Downstream task accuracy
Here we benchmark four models, with two baselines. These models are tasked with cell type classification, using the Chron's disease small intestine dataset from Elmentaite et al. (2020), Developmental Cell. This dataset contains approximately 22,500 single cells from both healthy children aged 4-13 and chidlren with Chron's disease. This dataset contains 31 unique cell types which we assume to be annotated accurately. This dataset was held out of our pre-training dataset as all diseased samples were removed.
- Baseline 1) scRNA workflow: this model uses PCA with 10 components and random forest on normalized and log transformed expression counts to produce a result.
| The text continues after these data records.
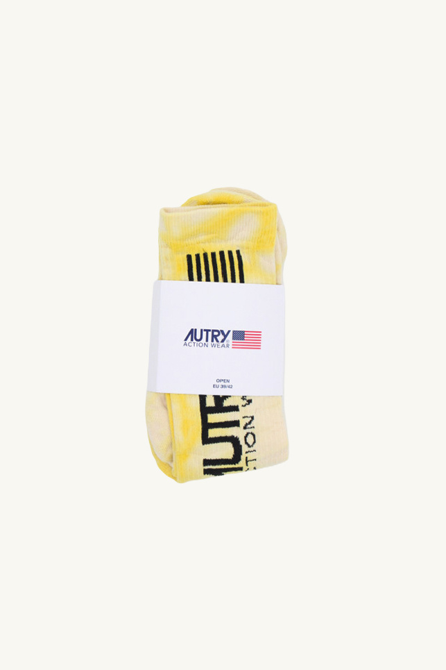 Chaussettes motif tie and dye jaune, montantes, mixtes, logo noir imprimé "Autry Action Wear", élastiques aux chevilles, bords côtelés.
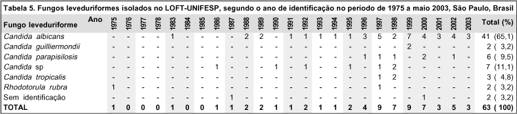 Entre os 63 fungos leveduriformes identificados, verificou-se isolamento de seis espécies distintas, havendo maior freqüência do gênero Candida (n=59 ou 93,7%) e da espécie C. albicans (n=41 ou 65,1%) (Tabela 5).
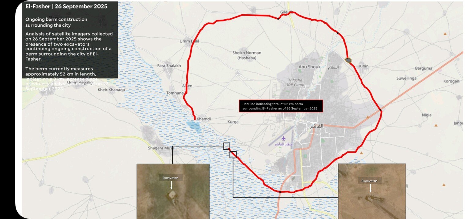 ووفقاً لتحليل صور الأقمار الصناعية، امتدت المتاريس الترابية التي شيدتها قوات الدعم السريع حول الفاشر إلى أكثر من 68 كيلومتراً، ولم يتبق سوى مسافة لا تتجاوز 4 كيلومترات قبل اكتمال الطوق العسكري. كما عززت القوات نقاط تفتيش عند طريق الفاشر–كتم وبوابة مليط، ما يقلص فرص المدنيين في الهروب الآمن.
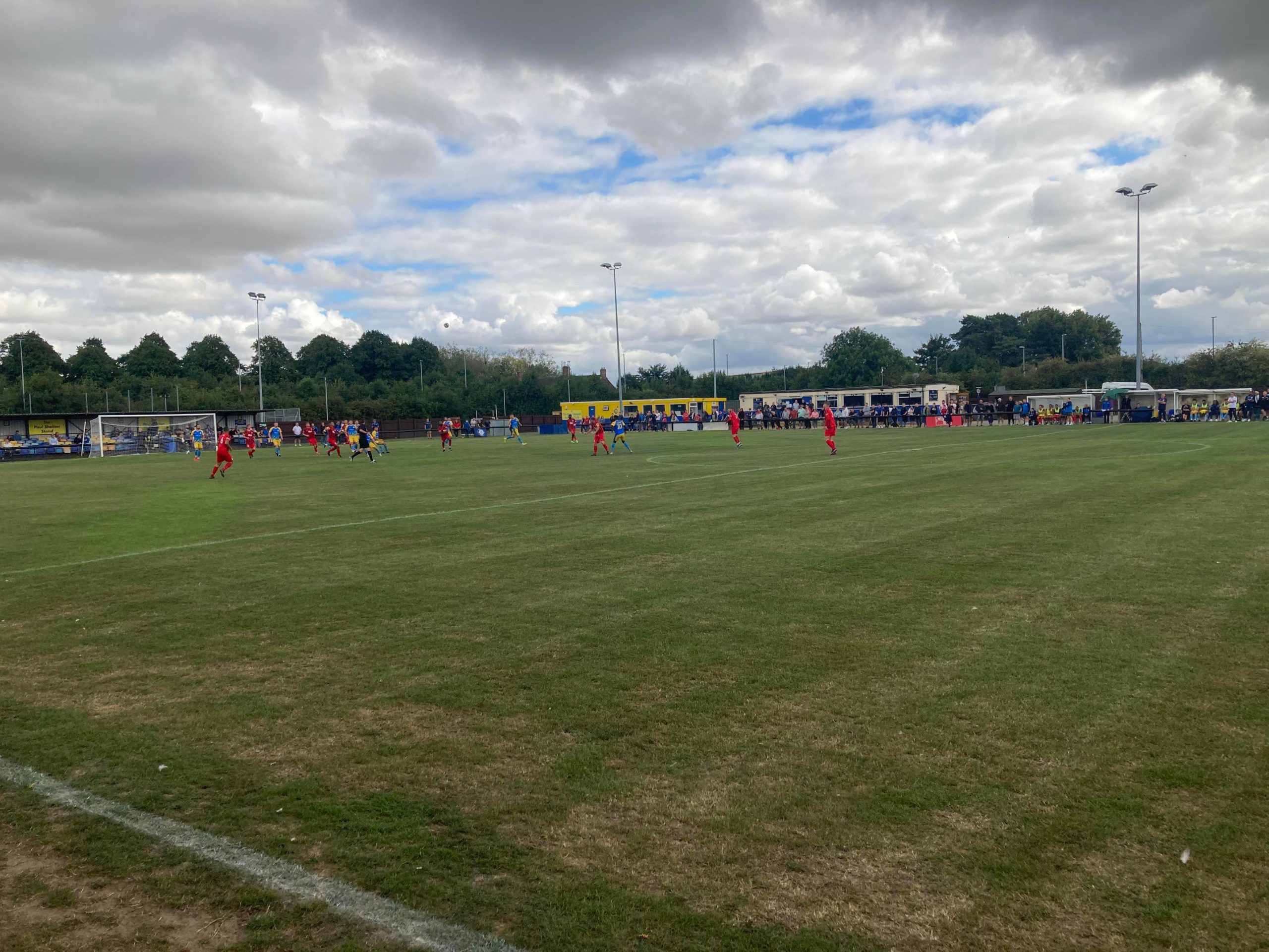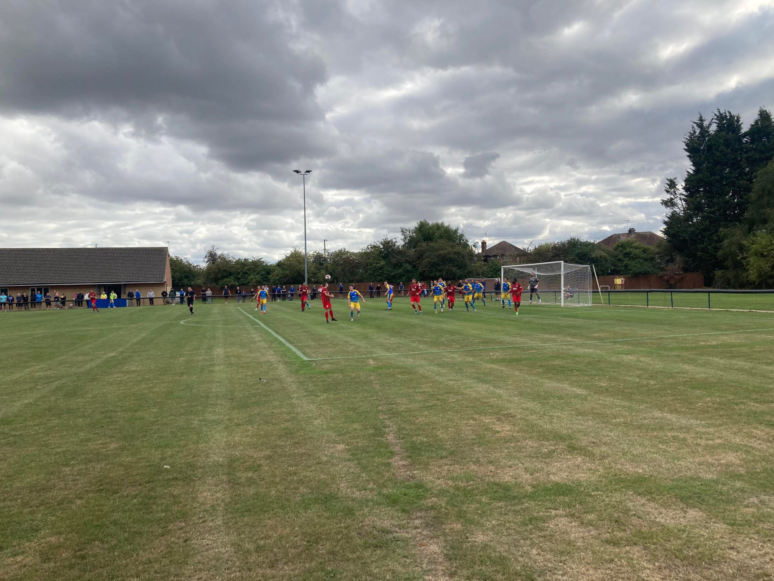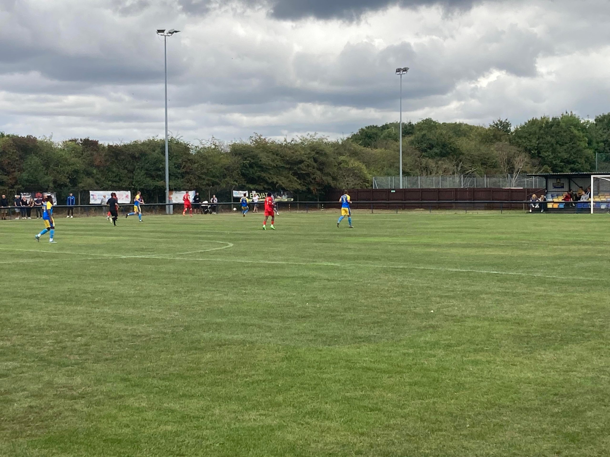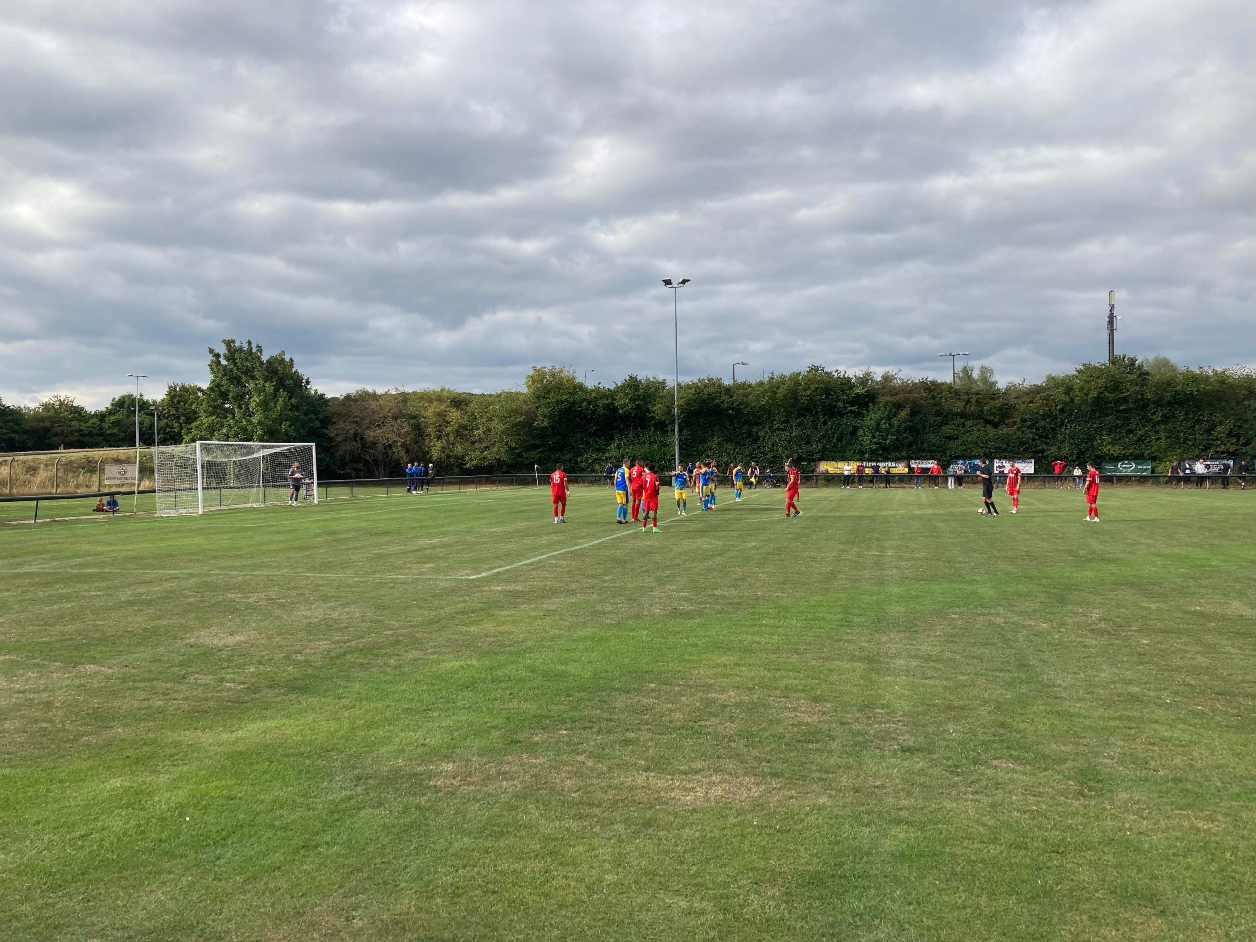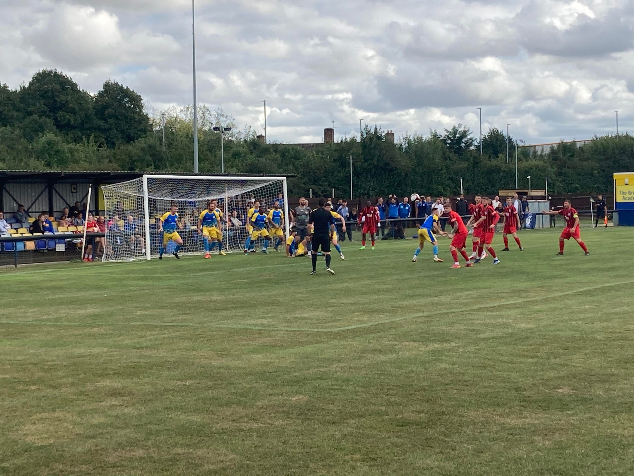 1 minute later and Long Eaton have a free kick on the halfway line now, it’s lumped into the box, it’s loose… The Carlton defence get there and play it back to the keeper… Who’s picked it up… That’s a back pass! Referee blows and it will be an indirect free kick in the box for Long Eaton, you don’t see those everyday! It’s set up for Alex Marshall… Blocked! The Referee has blown and it will be retaken, Alex Marshall again… Blocked and Carlton clear! Long Eaton continue to press but at half time it remains 1-0.

- Baseline 2) geneformer-qa, a model trained for approximately 100 steps with approximately random weights. We expect this model to perform no differently than working on counts directly.
- geneformer-10M-240530 and geneformer-106M-240530 as described above.
For more details see the example notebook titled Geneformer-celltype-classification-example.ipynb
Performance Benchmarks
The 106M parameter variant of Geneformer achieves over 50 TFLOPS per GPU during training. This is consistent whether trained with 1 or 8 A100s.
TFLOPS are from BioNeMo1, early evidence of speedups in BioNeMo2
We have observed equivalent or better performance in BioNeMo2 vs BioNeMo1 for the Geneformer model. One example is a cluster run where we see a time-per step at 0.26 seconds per iteration with a batch size of 64 through Geneformer. An older BioNeMo1 run that was properly configured had a time-per-step of 0.09 with a batch size of 16. When you consider samples per second this would imply a significant speedup in BioNeMo2, however this is anecdotal and a more thorough comparison is forthcoming.